- **Your assignment**
Line by line, return the listing exactly, without any of the images.

- **Entries shown**
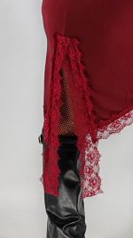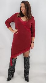 Φόρεμα πλεκτό λεπτό με βισκόζι με λεπτομέρειες δαντέλας στο V και στο τελείωμα. Είναι ασύμμετρο με σκίσιμο, One size και καλύπτει από ΧS έως ΧL
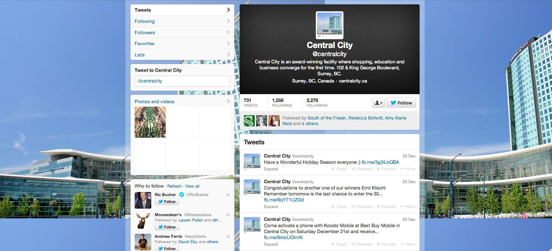 Central City Shopping Centre, or the Artist Formerly Known as the Surrey Place Mall, brands itself as “an award-winning facility where shopping, education and business converge for the first time.” Yet most of its tweets are Facebook links to an ongoing Mall contests or things happening in the Mall. Not a whole lot of convergence there, Central City.
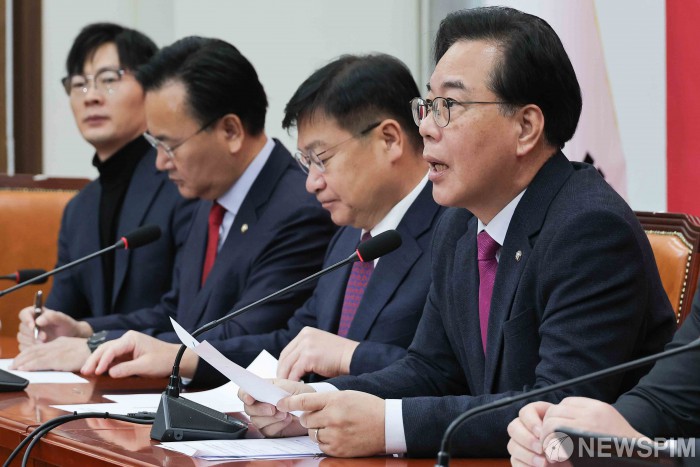[서울=뉴스핌] 윤창빈 기자 = 송언석 국민의힘 원내대표가 20일 서울 여의도 국회에서 열린 원내대책회의에서 모두발언을 하고 있다. 2026.01.20 pangbin@newspim.com
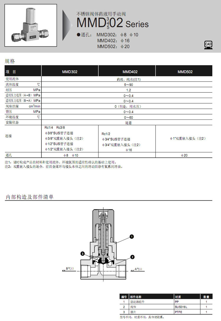MMD302-8,MMD402-15,MMD502-8BT,MMD302-3BT,MMD302-6S,MMD402-12S,MMD502-16S,CKD藥液用手動(dòng)閥
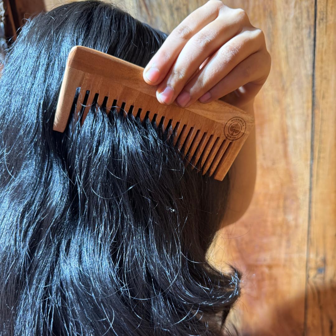 Ayurveda Amrita Organic Medium Neem Wood Comb | Helps in Dandruff Removal

- **Answer to this task**
 Φόρεμα πλεκτό λεπτό με βισκόζι με λεπτομέρειες δαντέλας στο V και στο τελείωμα. Είναι ασύμμετρο με σκίσιμο, One size και καλύπτει από ΧS έως ΧL
 Central City Shopping Centre, or the Artist Formerly Known as the Surrey Place Mall, brands itself as “an award-winning facility where shopping, education and business converge for the first time.” Yet most of its tweets are Facebook links to an ongoing Mall contests or things happening in the Mall. Not a whole lot of convergence there, Central City.
[서울=뉴스핌] 윤창빈 기자 = 송언석 국민의힘 원내대표가 20일 서울 여의도 국회에서 열린 원내대책회의에서 모두발언을 하고 있다. 2026.01.20 pangbin@newspim.com
MMD302-8,MMD402-15,MMD502-8BT,MMD302-3BT,MMD302-6S,MMD402-12S,MMD502-16S,CKD藥液用手動(dòng)閥
 Ayurveda Amrita Organic Medium Neem Wood Comb | Helps in Dandruff Removal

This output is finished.